It is helpful for Dexter's case that he seems to be surrounded by people who are themselves a little bit off. Especially the scenes with Masuka [C.S. Lee] are a lot of fun, just being perplexed by his oddity.
Now that he's married Rita, does he give up the apartment? Can he? Can he give up that AC unit?
In the first episode we discover that, without revealing it to Rita, he's committed to keeping his apartment. I'm not sure how he pays for it, but we never get into that.
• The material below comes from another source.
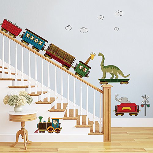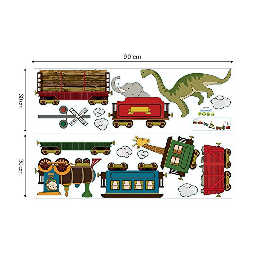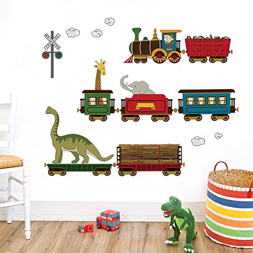 -. Title : DecalMile Animal Train Dinosaur Elephant Giraffe Wall Stickers Removable DIY Wall Decals Murals For Kids Children's Room Nursery

We've had lots of fantastical things on the show. Like being able to get his brother Rudy back to the site of the crime scene where they discovered the Ice Truck Killer, in that room, and slash his throat and get out of there. He obviously has some sort of shape-shifting ability, but we don't see those scenes.
He is extremely strong.
Extremely strong, extremely intelligent, yet almost autistic, and, I don't know. I looked at the pilot script and thought, "Is this a person who could ever be?" But somehow we give over to suspending our disbelief.
The audience roots for him, which can get extremely creepy.
Considering what we know about him and what we've come to accept in terms of his undeniable affliction, he's taken really remarkable responsibility for it, if we can give over to the fact that he has no choice but to kill, which people seem to give over to him.
Can you tell us anything else about Season 4?
We've flash-forwarded a little bit. Dexter and Rita have a new home that they're sharing together, with Astor and Cody and Dexter's new baby son, Harrison. And Dexter hasn't been alleviated. His compulsion remains. I don't know if we'd be able to keep our audience if Dexter woke up one day and said, "I don't really feel like killing anybody anymore."